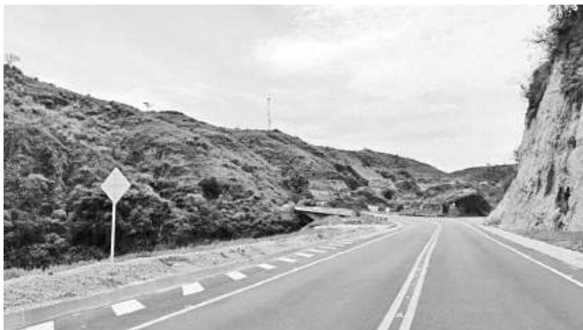
La vía Neiva- Santana- Mocoa hace parte de uno de los proyectos más importantes para el sur del país.

El departamento del Huila tiene vías que piden a gritos la intervención por parte de los gobiernos al tener afectaciones en el 50% y 60% de la malla vías, y otras como la que del municipio de Neiva conduce a Palermo que presenta una afectación del 90%. En vista de lo anterior se conoció que el gobierno departamental viene ajustando presupuestos para poder cumplirle al Huila en materia vial. En el orden Nacional también hay grandes proyectos en los cuales se debe avanzar.
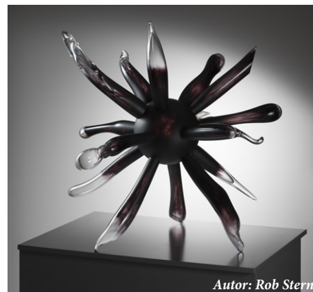
Autor: Rob Stern

„Nejmladší“ Skleněné poklady vznikly během letošního, již tradičního, Skleněného
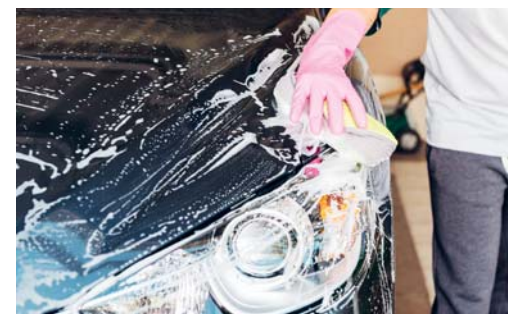
Autowäsche auf Privatparkplatz ist nicht mehr zeitgemäss.

ser wird gereinigt und anschliessend wiederverwendet. Im gebrauchten Waschwasser enthaltene Schmutzpartikel und Chemie-Rückstände (Reinigungsmittel, Lackschutz usw.) werden herausgefiltert und ordnungsgemäss entsorgt. Sie gelangen also gar nicht erst in die Umwelt. Die Recyclingquote der professionellen Waschanlagen liegt bereits bei 90 Prozent – mit weiter steigender Tendenz. Es ist daher aus vielerlei Hinsicht zu empfehlen, die Autos nur in dafür vorgesehenen Anlagen zu waschen.
^^^^^^^^^^^^^^^^
Task to complete
Without including any picture, write out the material above exactly.

Task result
La vía Neiva- Santana- Mocoa hace parte de uno de los proyectos más importantes para el sur del país.

El departamento del Huila tiene vías que piden a gritos la intervención por parte de los gobiernos al tener afectaciones en el 50% y 60% de la malla vías, y otras como la que del municipio de Neiva conduce a Palermo que presenta una afectación del 90%. En vista de lo anterior se conoció que el gobierno departamental viene ajustando presupuestos para poder cumplirle al Huila en materia vial. En el orden Nacional también hay grandes proyectos en los cuales se debe avanzar.
Autor: Rob Stern

„Nejmladší“ Skleněné poklady vznikly během letošního, již tradičního, Skleněného
Autowäsche auf Privatparkplatz ist nicht mehr zeitgemäss.

ser wird gereinigt und anschliessend wiederverwendet. Im gebrauchten Waschwasser enthaltene Schmutzpartikel und Chemie-Rückstände (Reinigungsmittel, Lackschutz usw.) werden herausgefiltert und ordnungsgemäss entsorgt. Sie gelangen also gar nicht erst in die Umwelt. Die Recyclingquote der professionellen Waschanlagen liegt bereits bei 90 Prozent – mit weiter steigender Tendenz. Es ist daher aus vielerlei Hinsicht zu empfehlen, die Autos nur in dafür vorgesehenen Anlagen zu waschen.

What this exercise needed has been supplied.